[Assigned task] What is needed is a word-for-word copy of all the entries, minus the pictures.

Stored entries

● ● ●

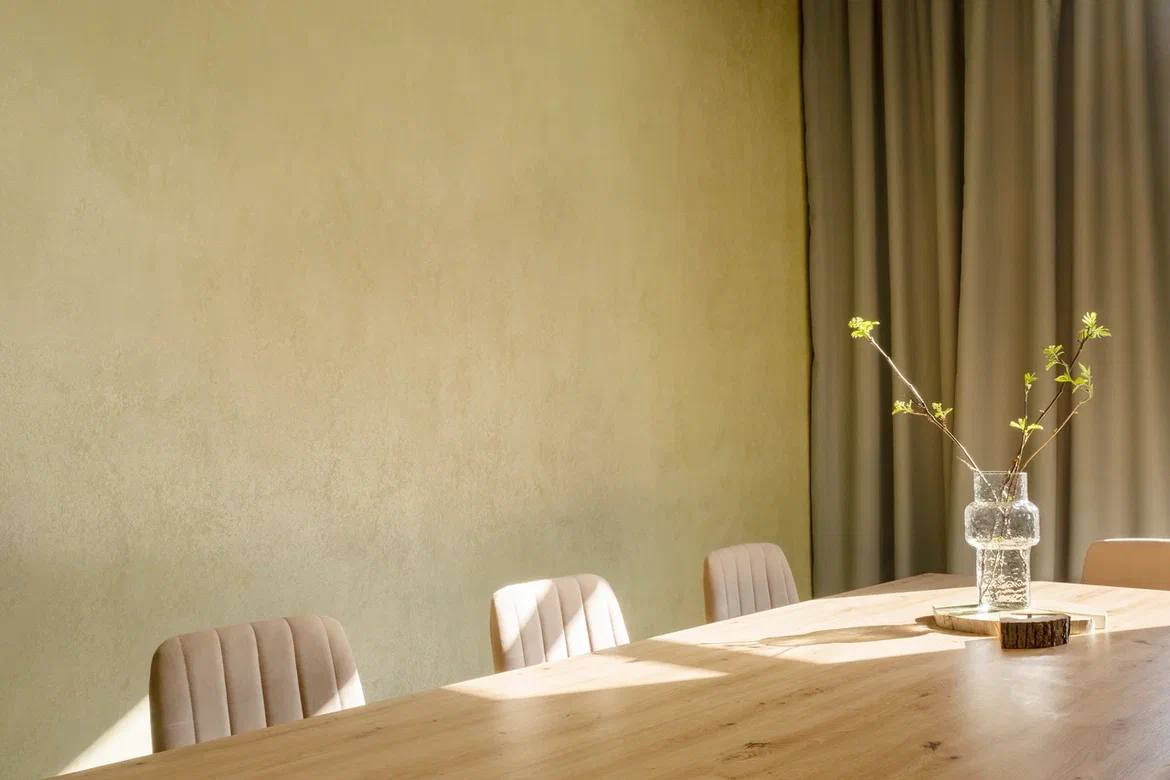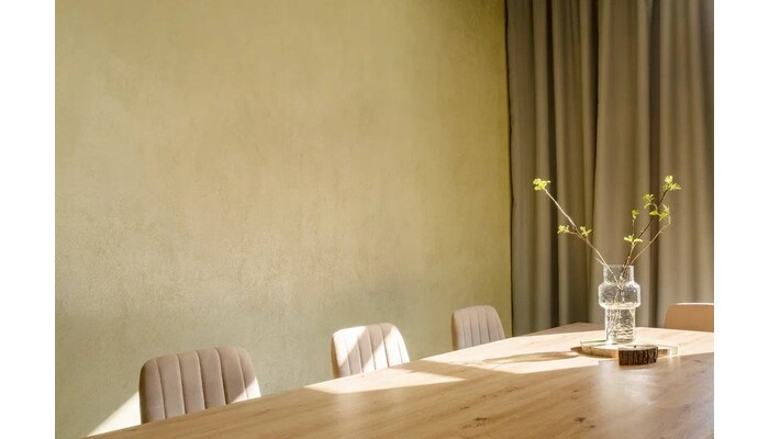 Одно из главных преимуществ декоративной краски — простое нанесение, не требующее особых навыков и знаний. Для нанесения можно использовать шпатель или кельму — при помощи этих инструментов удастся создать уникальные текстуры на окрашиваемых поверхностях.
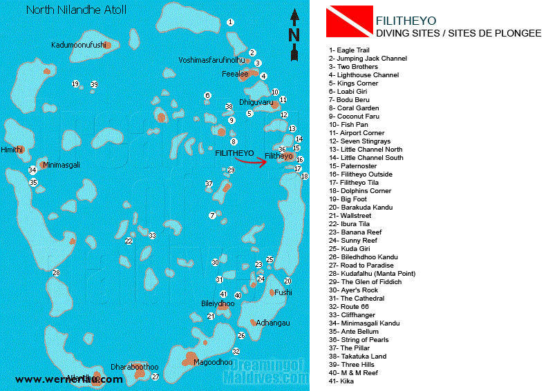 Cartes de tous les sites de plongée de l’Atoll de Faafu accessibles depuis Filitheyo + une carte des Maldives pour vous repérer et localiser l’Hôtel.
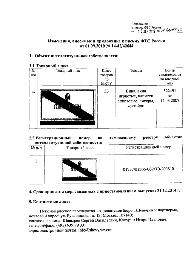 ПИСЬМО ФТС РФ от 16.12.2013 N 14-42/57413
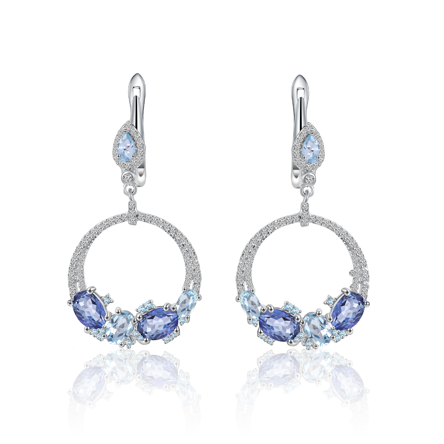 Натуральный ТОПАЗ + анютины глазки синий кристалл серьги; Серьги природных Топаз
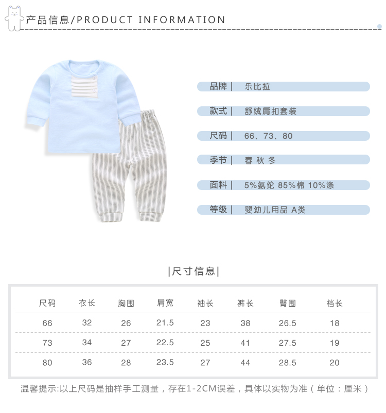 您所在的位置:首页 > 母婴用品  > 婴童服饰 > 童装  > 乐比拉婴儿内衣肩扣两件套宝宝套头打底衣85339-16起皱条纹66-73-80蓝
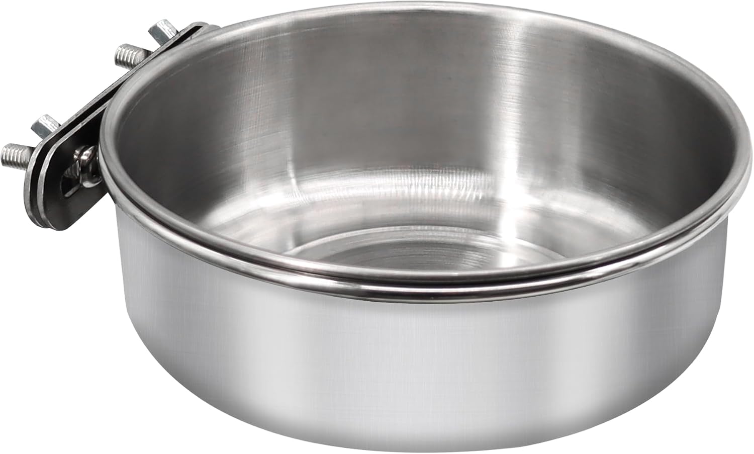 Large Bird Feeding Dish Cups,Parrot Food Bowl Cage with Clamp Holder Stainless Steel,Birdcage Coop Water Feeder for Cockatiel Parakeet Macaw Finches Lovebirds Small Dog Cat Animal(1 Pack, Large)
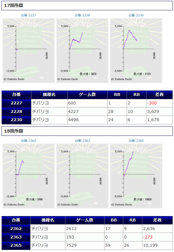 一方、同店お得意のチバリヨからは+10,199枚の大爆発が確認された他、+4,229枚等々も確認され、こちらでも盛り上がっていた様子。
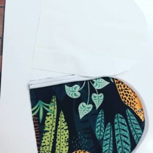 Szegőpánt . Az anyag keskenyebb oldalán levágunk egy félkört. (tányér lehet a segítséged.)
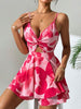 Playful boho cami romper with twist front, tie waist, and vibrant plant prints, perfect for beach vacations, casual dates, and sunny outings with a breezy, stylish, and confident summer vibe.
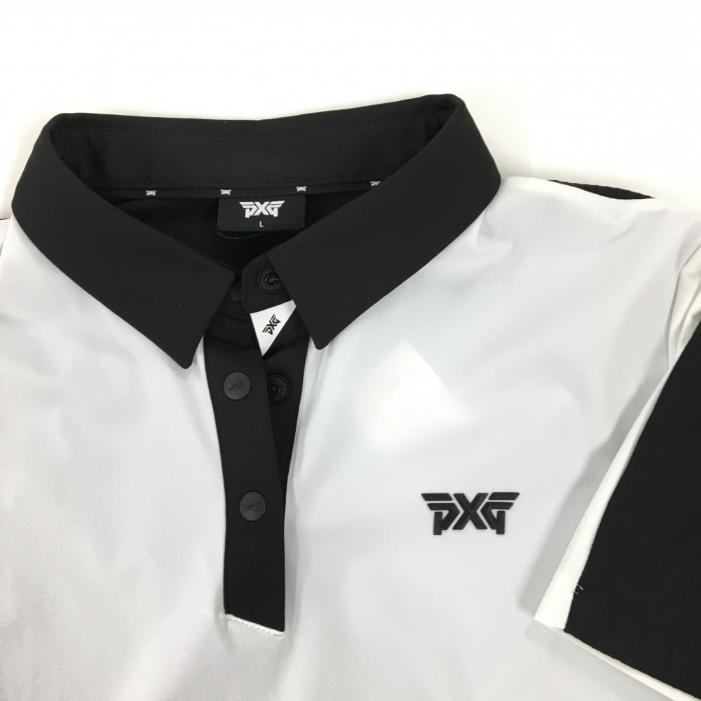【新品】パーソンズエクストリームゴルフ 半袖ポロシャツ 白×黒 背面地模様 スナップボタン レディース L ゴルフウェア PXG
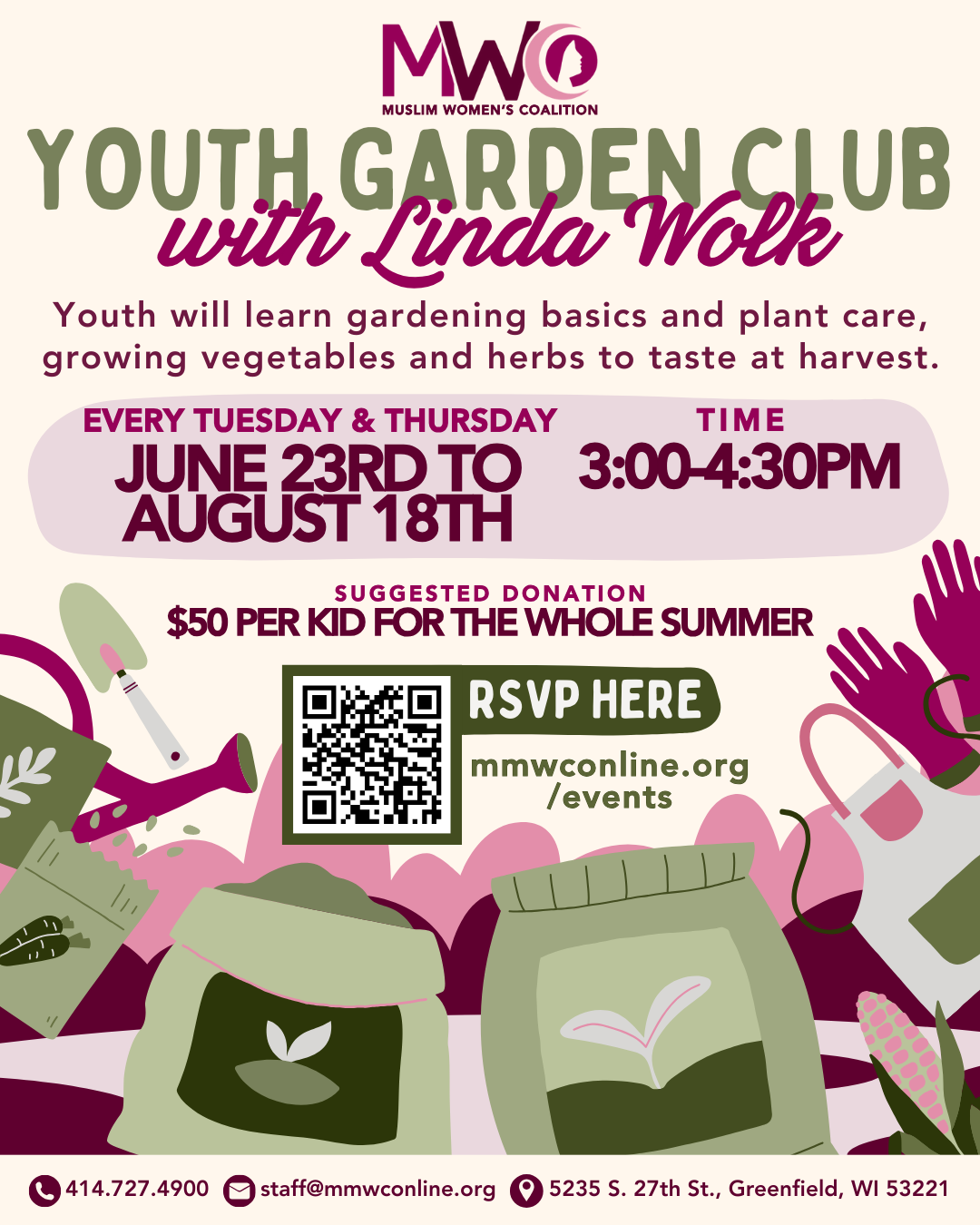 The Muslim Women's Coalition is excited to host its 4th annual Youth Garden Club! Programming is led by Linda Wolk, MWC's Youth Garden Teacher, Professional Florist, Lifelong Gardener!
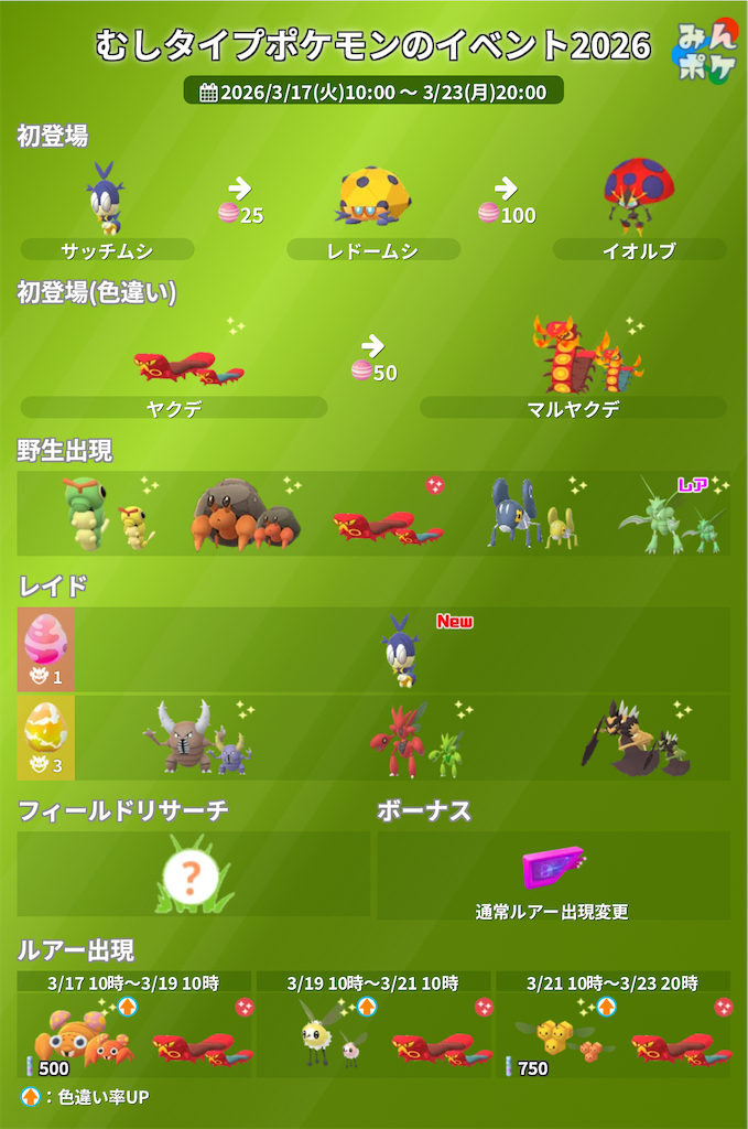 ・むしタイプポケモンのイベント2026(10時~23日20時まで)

● ● ●

[Result of this task]
 Одно из главных преимуществ декоративной краски — простое нанесение, не требующее особых навыков и знаний. Для нанесения можно использовать шпатель или кельму — при помощи этих инструментов удастся создать уникальные текстуры на окрашиваемых поверхностях.
 Cartes de tous les sites de plongée de l’Atoll de Faafu accessibles depuis Filitheyo + une carte des Maldives pour vous repérer et localiser l’Hôtel.
 ПИСЬМО ФТС РФ от 16.12.2013 N 14-42/57413
 Натуральный ТОПАЗ + анютины глазки синий кристалл серьги; Серьги природных Топаз
 您所在的位置:首页 > 母婴用品  > 婴童服饰 > 童装  > 乐比拉婴儿内衣肩扣两件套宝宝套头打底衣85339-16起皱条纹66-73-80蓝
 Large Bird Feeding Dish Cups,Parrot Food Bowl Cage with Clamp Holder Stainless Steel,Birdcage Coop Water Feeder for Cockatiel Parakeet Macaw Finches Lovebirds Small Dog Cat Animal(1 Pack, Large)
 一方、同店お得意のチバリヨからは+10,199枚の大爆発が確認された他、+4,229枚等々も確認され、こちらでも盛り上がっていた様子。
 Szegőpánt . Az anyag keskenyebb oldalán levágunk egy félkört. (tányér lehet a segítséged.)
 Playful boho cami romper with twist front, tie waist, and vibrant plant prints, perfect for beach vacations, casual dates, and sunny outings with a breezy, stylish, and confident summer vibe.
【新品】パーソンズエクストリームゴルフ 半袖ポロシャツ 白×黒 背面地模様 スナップボタン レディース L ゴルフウェア PXG
 The Muslim Women's Coalition is excited to host its 4th annual Youth Garden Club! Programming is led by Linda Wolk, MWC's Youth Garden Teacher, Professional Florist, Lifelong Gardener!
 ・むしタイプポケモンのイベント2026(10時~23日20時まで)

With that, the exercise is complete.